Work instruction: Set down, exactly and only, everything from the line containing "Diverse culinary assortment" down to the line containing "Geomagnetic storm forecast" in the data below; the pictures are not part of the copy.

=== Begin Enclosure ===

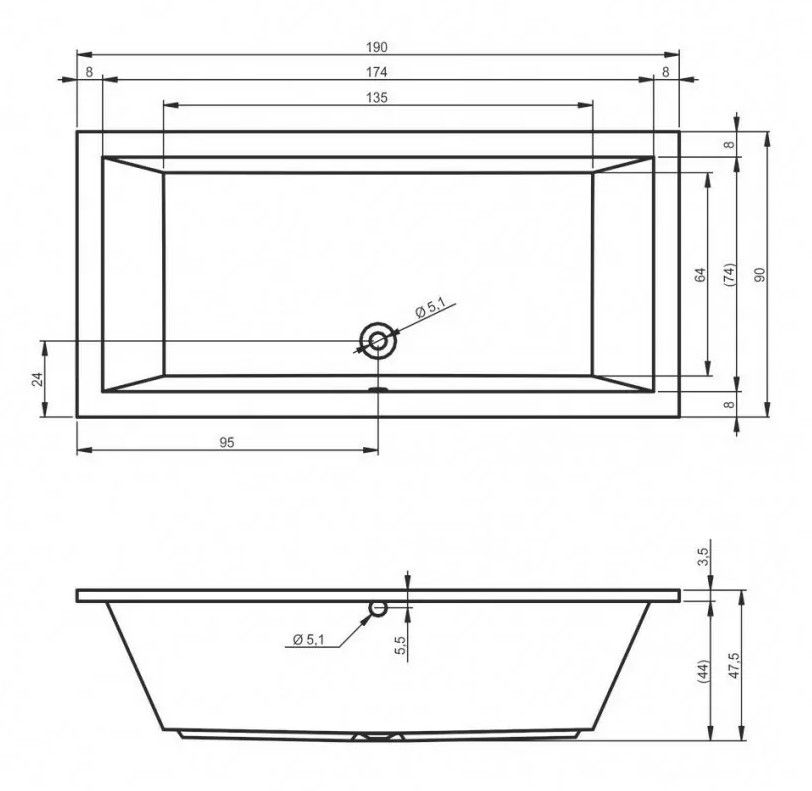Материал непористый и гладкий, поэтому на нём не остаются известковый налёт и бактерии, поверхность ванны легко очищается.
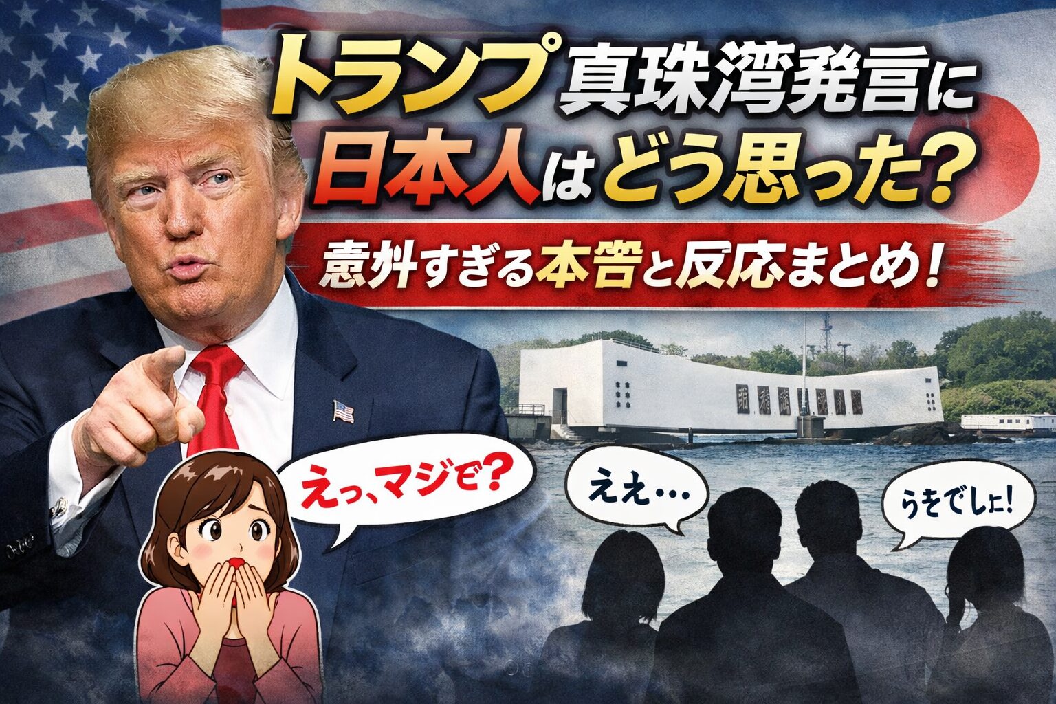 トランプ氏の「真珠湾」発言が注目を集める中、日本でもさまざまな反応が広がっています。
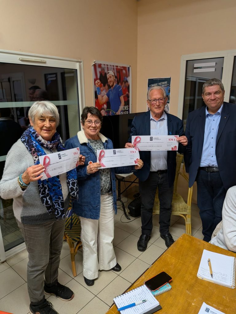 Le Président, Cyril BERLAND et la dynamique Bernadette TOUSSAINT-FEIX, instigatrice de la manifestation, on remis les chèques de 974 € à Fleur d’Isa, Jeune et Rose (absentes excusées sur la photo) et la Ligue contre le Cancer.
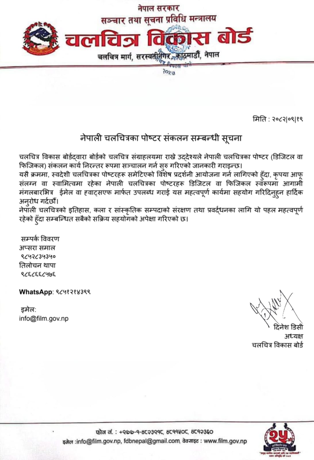 बोर्डले सम्बन्धित सबै चलचित्रकर्मी तथा अधिकार प्राप्त व्यक्तिहरूलाई आगामी मंगलबारभित्र आफू संलग्न चलचित्रका पोष्टरहरू डिजिटल वा फिजिकल स्वरूपमा उपलब्ध गराई यस महत्वपूर्ण कार्यमा सहयोग गर्न आग्रह गरेको छ।
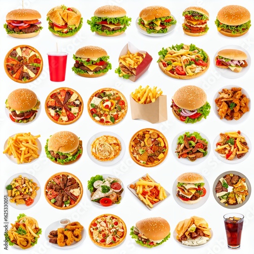 Diverse culinary assortment showcasing burgers, pizzas, fries, and salads arranged appealingly on white background
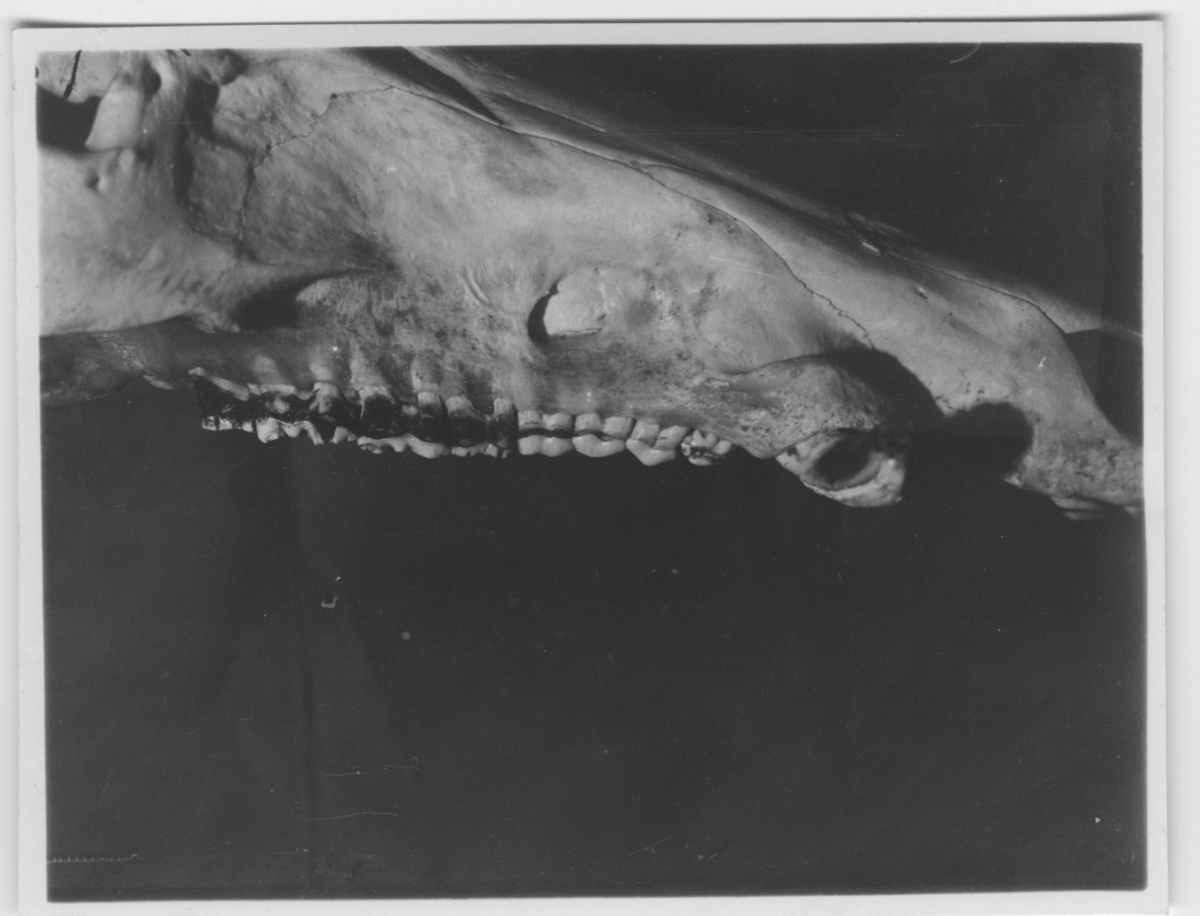 'Kariesangripna tänder av vildsvin. Enligt bildtext: Bortersta molaren karierad. Från sidan. :: :: Se fotonr. 3755-3757.'
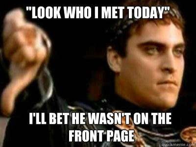 "Look who I met today" I'll bet he wasn't on the front page
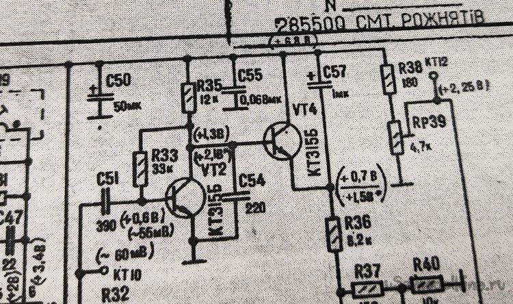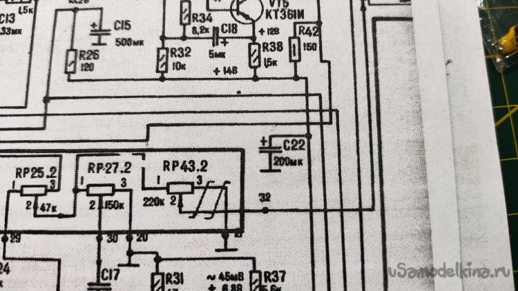 А это у нас конденсатор темброблока. Из заявленных 200мкФ осталось 156, а может столько и было. Вот он на схеме С22. Фильтрует питание темброблока.
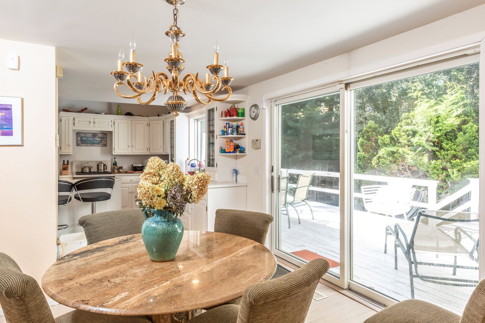 Nicely situated contemporary home featuring privacy and a light bright interior. Approximately 3,800+/- sq. ft. of living space with an open layout, large living room with high ceilings, eat in kitchen, four plus bedrooms and four and a half bathrooms. Lower level has a large media room with a large bar and ping pong table (all beautifully done) / Second Master bedroom & bathroom also on lower lev
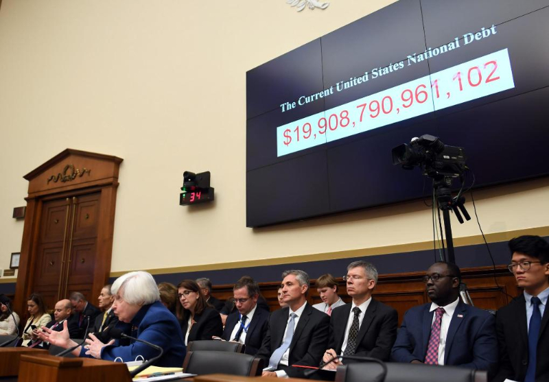 2017年7月12日,時任美國聯邦儲備委員會主席耶倫(前)在華盛頓出席國會聽證會,屏幕顯示美國當時的國債近20萬億美元。新華社記者殷博古攝
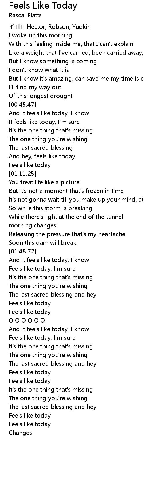 | [00:13.62] | With this feeling inside me, that I can' t explain |
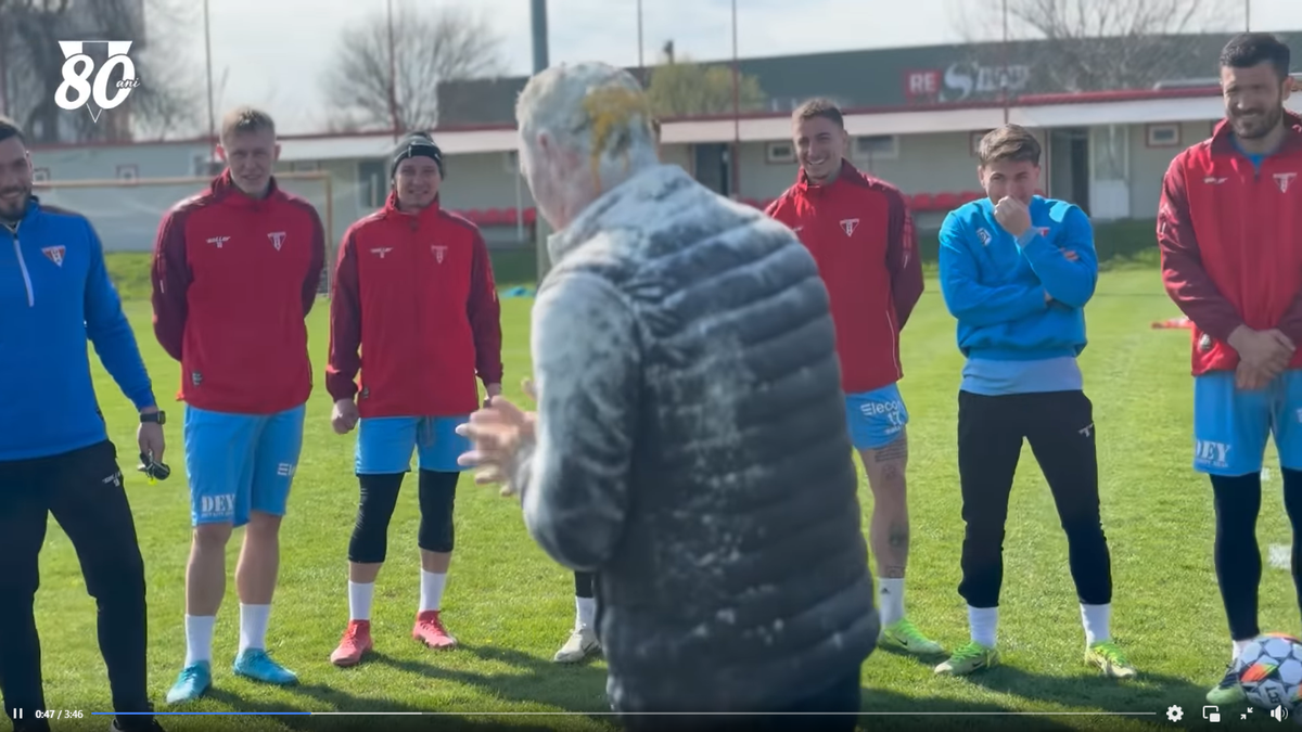 Mircea Rednic, sărbătorit cu făină și ouă crude de jucătorii lui UTA
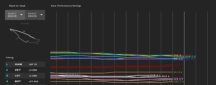 На официальном сайте «Формулы-1» в разделе лайвтайминга на странице «выступлений» появились оценки пилотам за Гран-при Канады, основанные на данных телеметрии.
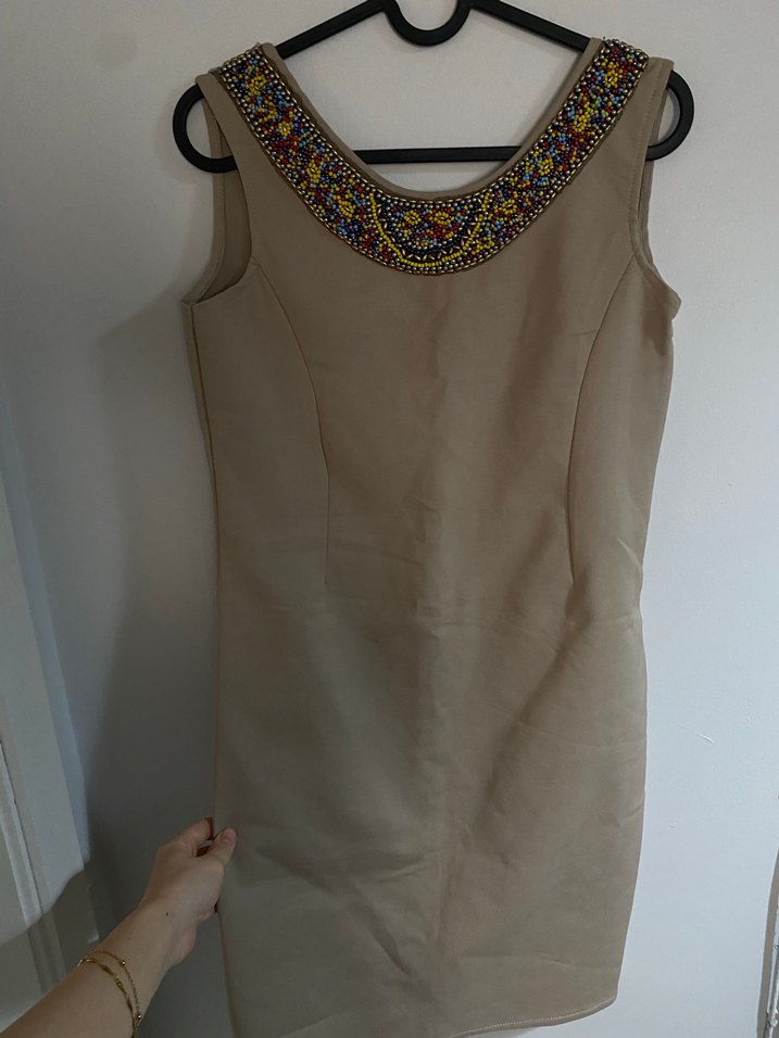 Boncuk İşlemeli Bej Bohem Midi Elbise
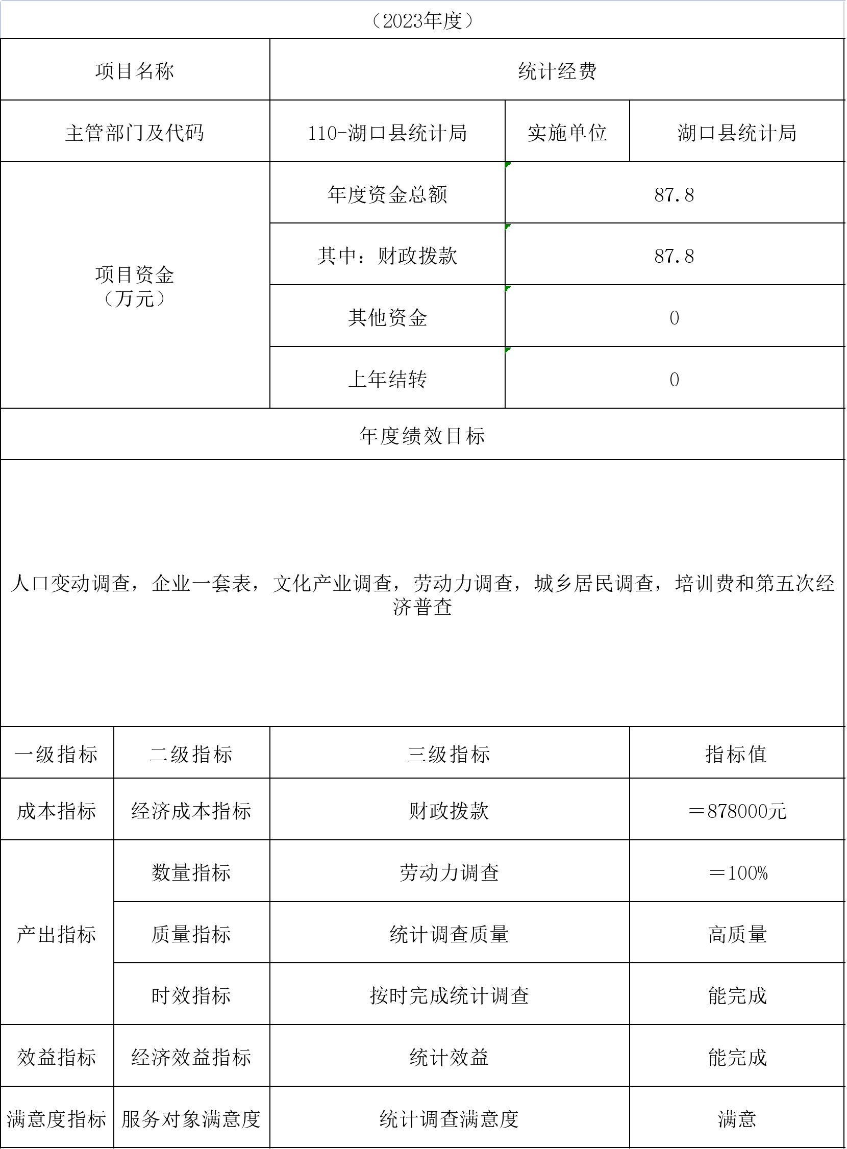 (九)湖口县统计局统计专项项目情况说明(部门本级)
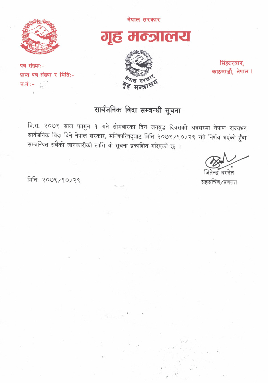 २०८१ सालको सरकारी तथा सार्वजनिक विदा
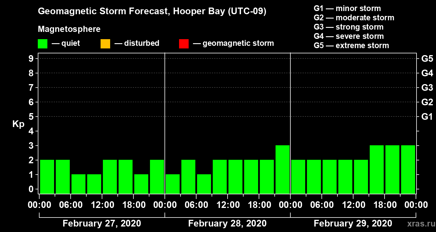 Geomagnetic storm forecast in Hooper Bay for Feb 27, 2020
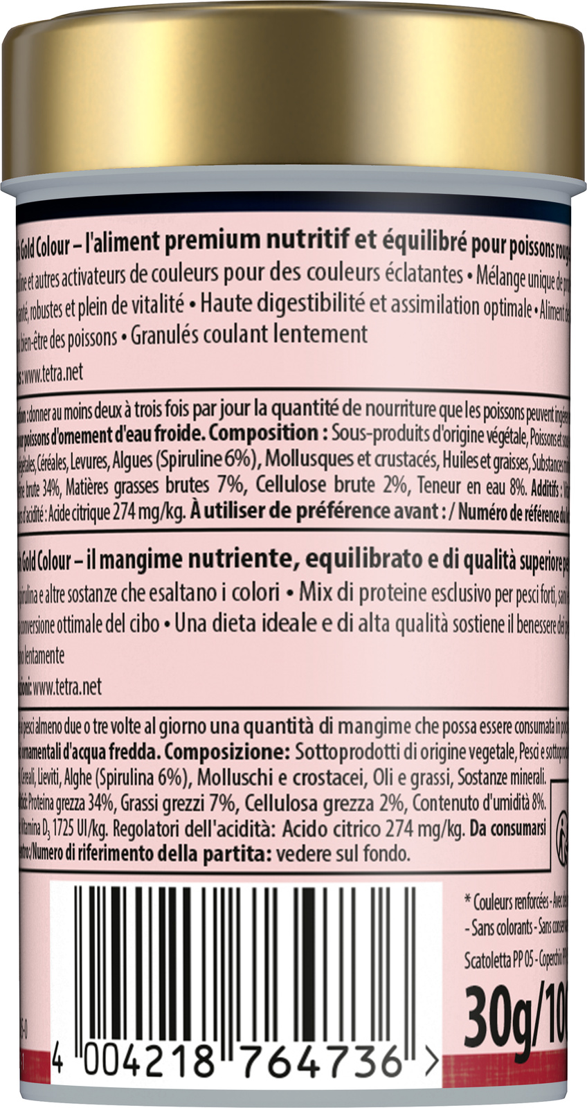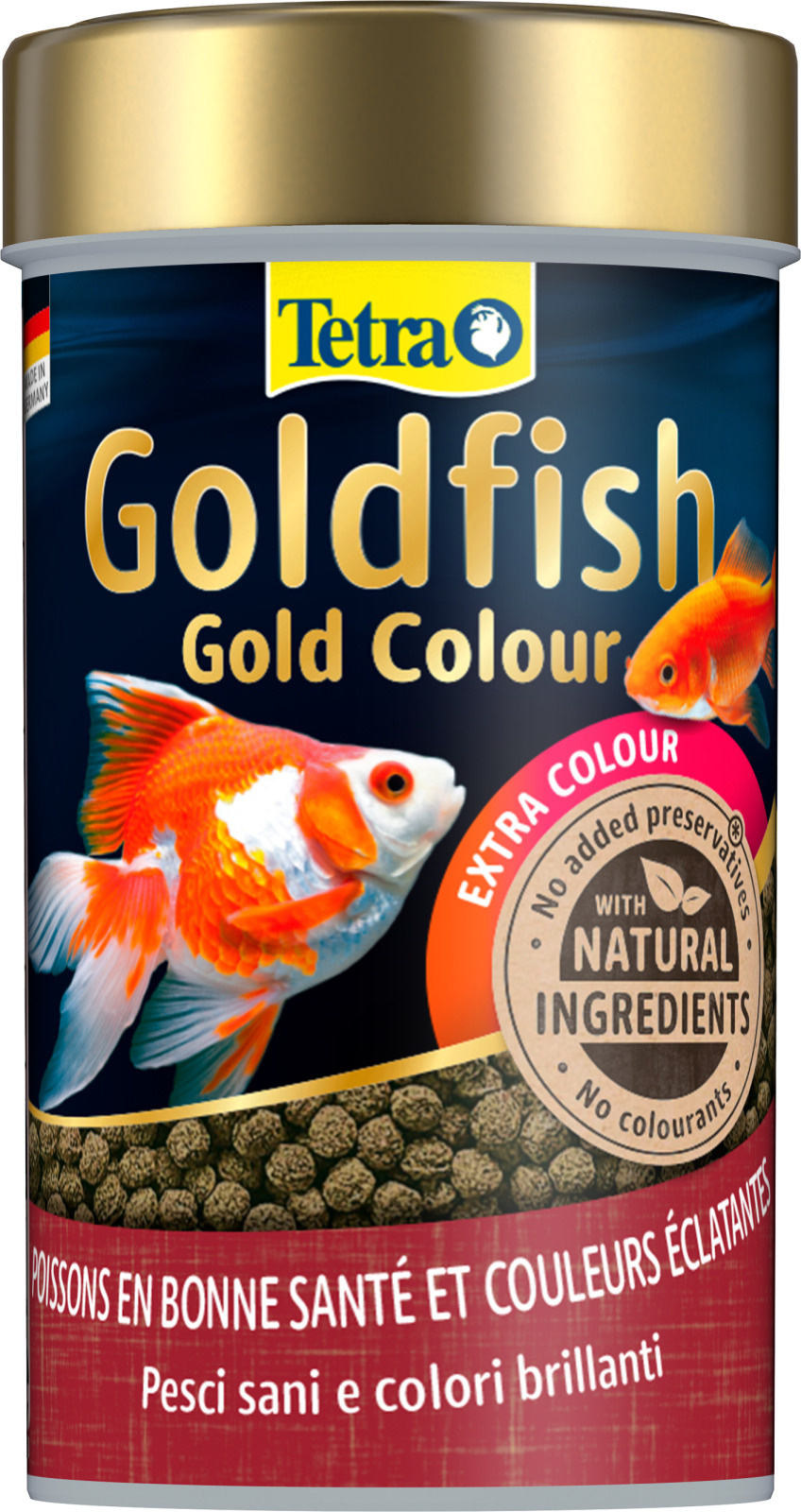 Les granulés Tetra Goldfish Gold Colour sont des aliments nutritifs et équilibrés de qualité supérieure pour poissons rouges. Une alimentation idéale et de haute qualité contribue à la santé et au bien-être des poissons. L’aliment contient des caroténoïdes provenant d’algues spirulines, véritables activateurs de couleurs pour une coloration éclatante des poissons. Les granulés coulant lentement offrent une haute digestibilité et une assimilation optimale des aliments, permettant de réduire les déchets et la pollution de l’eau. La recette unique, composée d’ingrédients naturels de haute qualité, sans colorants ni conservateurs ajoutés, et le mélange de protéines parfaitement adapté favorisent une croissance optimale, une vitalité et une résistance accrues. Grâce aux granulés Tetra Goldfish Gold Colour, vos poissons rouges se porteront à merveille et l’eau de votre aquarium restera saine et claire.

=== End Enclosure ===

Written solution:
 Diverse culinary assortment showcasing burgers, pizzas, fries, and salads arranged appealingly on white background
 'Kariesangripna tänder av vildsvin. Enligt bildtext: Bortersta molaren karierad. Från sidan. :: :: Se fotonr. 3755-3757.'
 "Look who I met today" I'll bet he wasn't on the front page
 А это у нас конденсатор темброблока. Из заявленных 200мкФ осталось 156, а может столько и было. Вот он на схеме С22. Фильтрует питание темброблока.
 Nicely situated contemporary home featuring privacy and a light bright interior. Approximately 3,800+/- sq. ft. of living space with an open layout, large living room with high ceilings, eat in kitchen, four plus bedrooms and four and a half bathrooms. Lower level has a large media room with a large bar and ping pong table (all beautifully done) / Second Master bedroom & bathroom also on lower lev
 2017年7月12日,時任美國聯邦儲備委員會主席耶倫(前)在華盛頓出席國會聽證會,屏幕顯示美國當時的國債近20萬億美元。新華社記者殷博古攝
 | [00:13.62] | With this feeling inside me, that I can' t explain |
 Mircea Rednic, sărbătorit cu făină și ouă crude de jucătorii lui UTA
 На официальном сайте «Формулы-1» в разделе лайвтайминга на странице «выступлений» появились оценки пилотам за Гран-при Канады, основанные на данных телеметрии.
 Boncuk İşlemeli Bej Bohem Midi Elbise
 (九)湖口县统计局统计专项项目情况说明(部门本级)
 २०८१ सालको सरकारी तथा सार्वजनिक विदा
 Geomagnetic storm forecast in Hooper Bay for Feb 27, 2020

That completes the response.